What this task involves. Copy nothing but the lines below running from the line containing "- Treasury made" through the line containing "This bingo card", both end lines included.

Data records.
■ ■ ■ ■ ■ ■ ■
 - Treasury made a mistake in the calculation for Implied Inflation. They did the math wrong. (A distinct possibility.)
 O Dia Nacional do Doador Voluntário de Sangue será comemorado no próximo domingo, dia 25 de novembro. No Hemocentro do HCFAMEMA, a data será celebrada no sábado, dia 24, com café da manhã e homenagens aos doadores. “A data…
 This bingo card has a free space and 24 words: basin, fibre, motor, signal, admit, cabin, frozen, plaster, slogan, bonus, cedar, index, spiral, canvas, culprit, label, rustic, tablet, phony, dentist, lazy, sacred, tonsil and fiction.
■ ■ ■ ■ ■ ■ ■
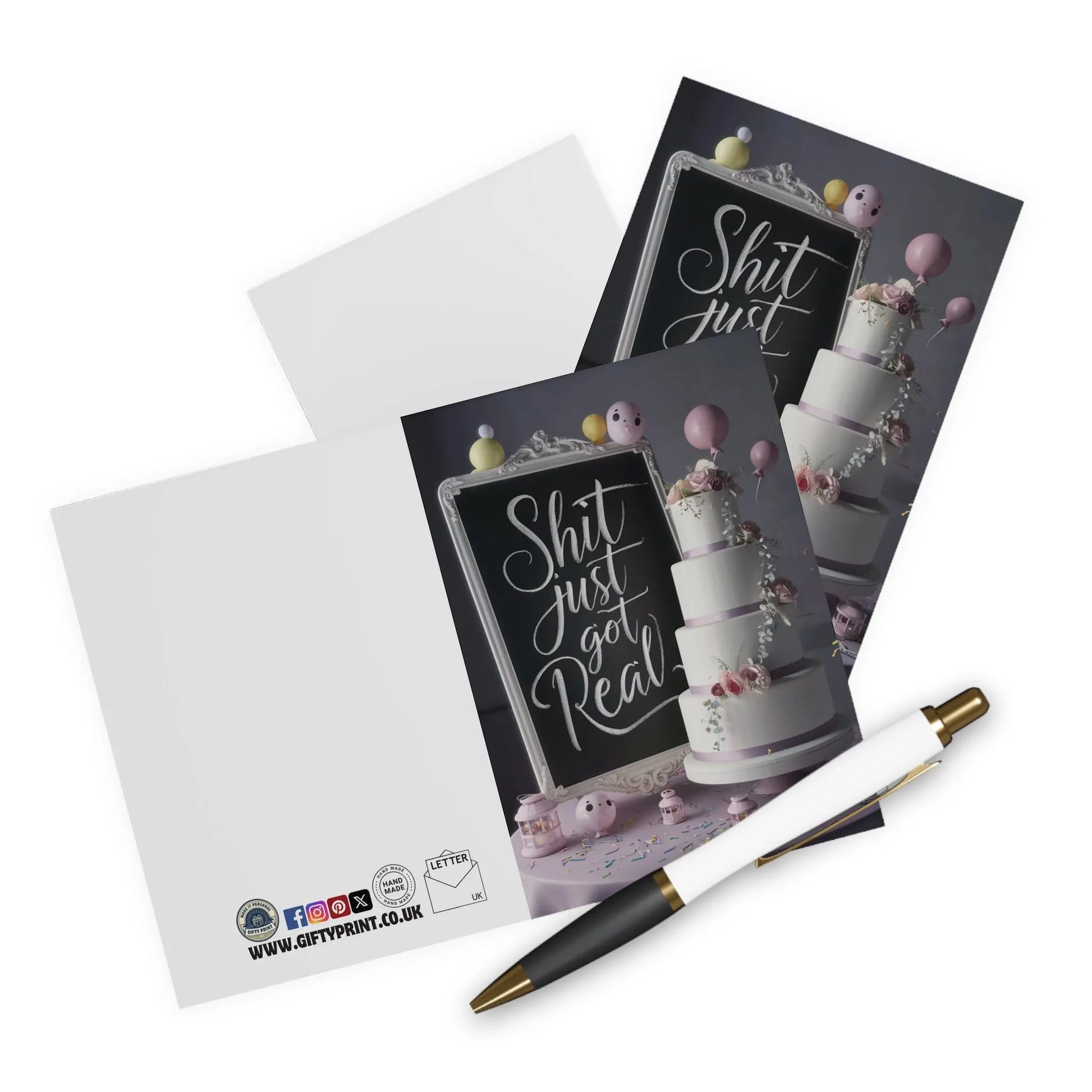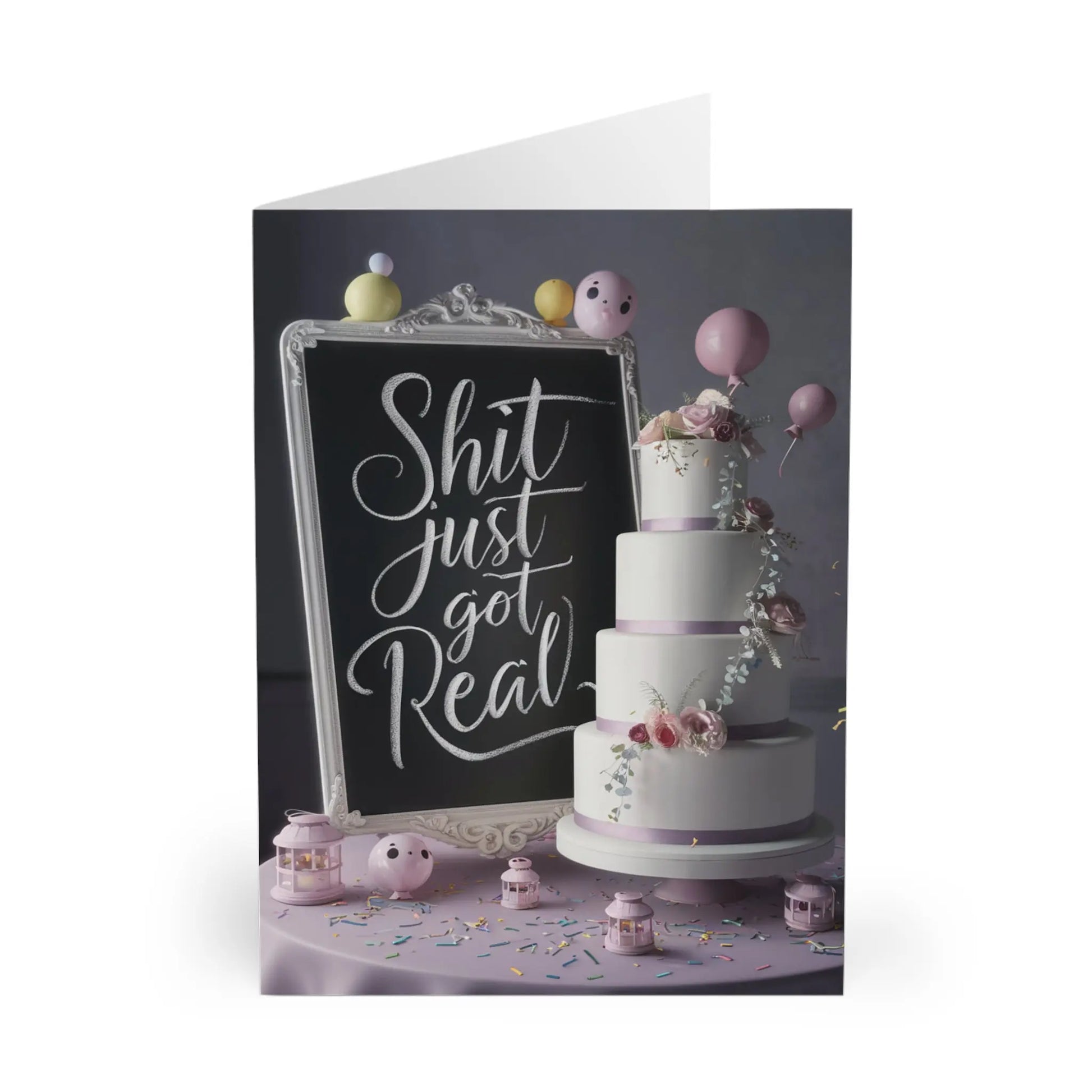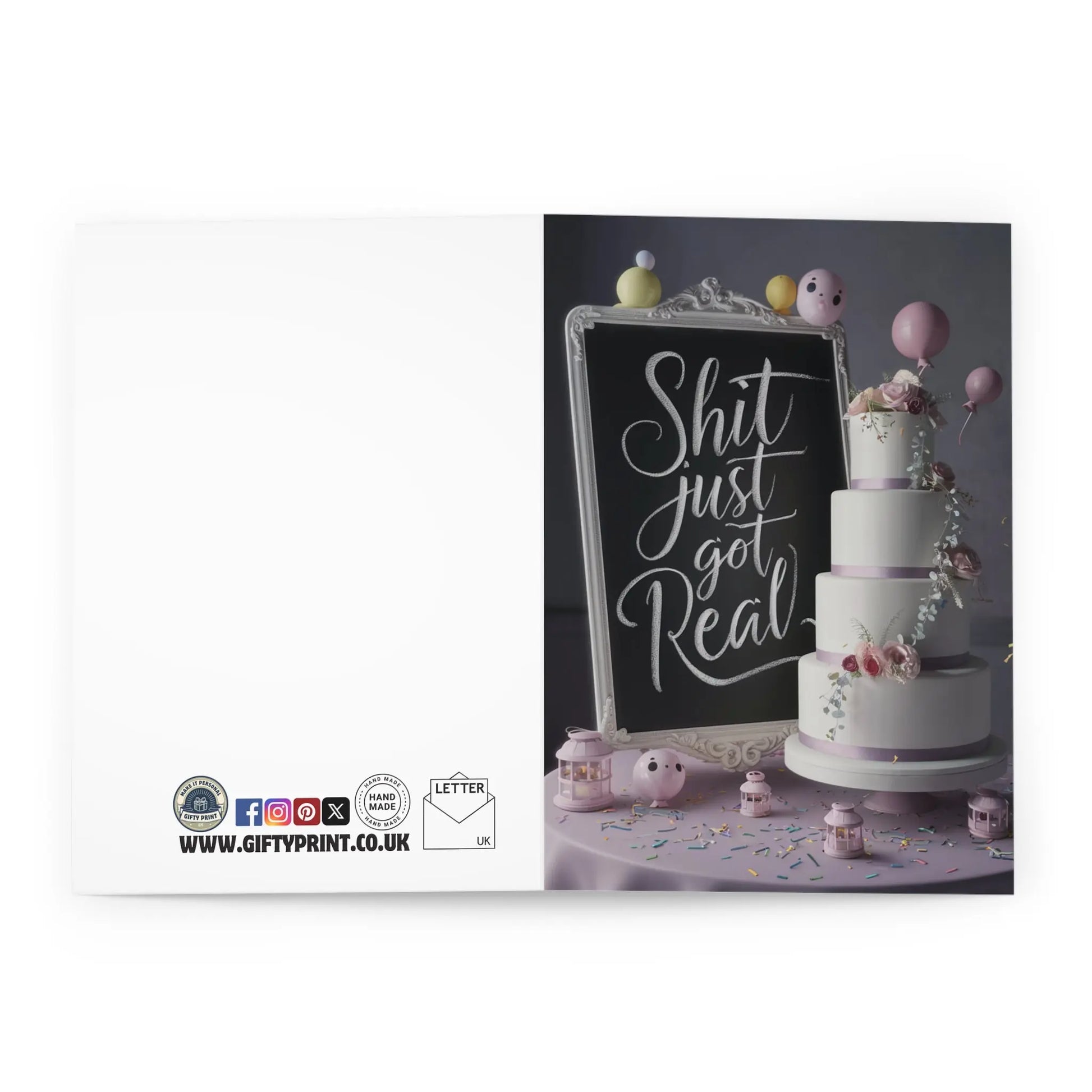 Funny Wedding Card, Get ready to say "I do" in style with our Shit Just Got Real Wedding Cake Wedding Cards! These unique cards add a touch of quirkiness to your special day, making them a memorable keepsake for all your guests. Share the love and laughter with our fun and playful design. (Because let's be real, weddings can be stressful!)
■ ■ ■ ■ ■ ■ ■
The completed task.
 - Treasury made a mistake in the calculation for Implied Inflation. They did the math wrong. (A distinct possibility.)
 O Dia Nacional do Doador Voluntário de Sangue será comemorado no próximo domingo, dia 25 de novembro. No Hemocentro do HCFAMEMA, a data será celebrada no sábado, dia 24, com café da manhã e homenagens aos doadores. “A data…
 This bingo card has a free space and 24 words: basin, fibre, motor, signal, admit, cabin, frozen, plaster, slogan, bonus, cedar, index, spiral, canvas, culprit, label, rustic, tablet, phony, dentist, lazy, sacred, tonsil and fiction.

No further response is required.